Kerry got the feeling that the old man was sending him away from his new friends. He was about to make an excuse and then he thought of Mountfern in the sunshine, and the sparkling river and the beautiful little Dara waiting like a fruit to be plucked.

“That’s very nice of you, Mr. Hill, and I’ll think about what you said.”

“I’m sure you will Kerry,” Dennis Hill sighed.

Kerry went out with Tony McCann and Charlie Burns that night to play cards. He was luckier than he had been before. Or was the advice of Francis Doyle, Brian’s pisspot brother, really working? Anyway he would be going back to Mountfern with a billfold full of pound notes and fivers.

   Patrick told John and Kate that young people’s lives were like a holiday camp nowadays. There was his Kerry being offered three weeks’ holiday from Hill’s hotel. Kerry was buying a car no less, imagine it.
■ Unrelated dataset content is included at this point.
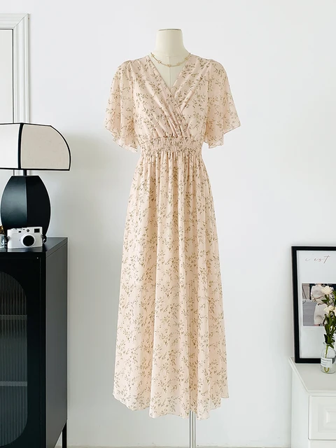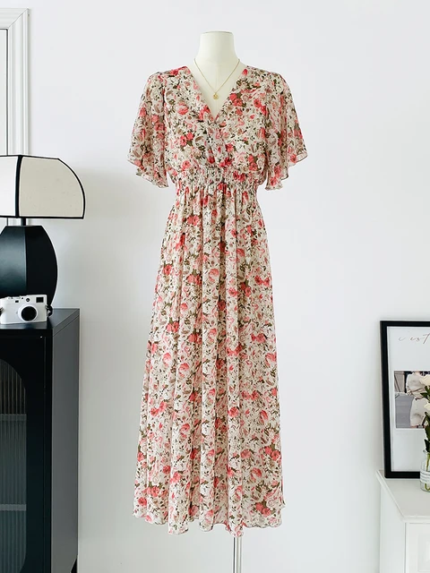 Summer Women Midi Dress V Neck Batwing Short Sleeve Pullover Mid-length Women’s Dresses

Not nineteen years of age, and he had everything he wanted.

“Isn’t that why you killed yourself working, so that your children
could
have everything they wanted?” Kate asked him.

“I suppose so.” Patrick was doubtful.

“Well it certainly was,” John said. “What else would any of us do anything for, if we didn’t have the next lot coming after us to provide for?”

“What would you do if you hadn’t a family and children?” Patrick asked with interest.

“I think I’d put a pack on my back and wander off around the world talking to people about this and that, as it took my fancy.”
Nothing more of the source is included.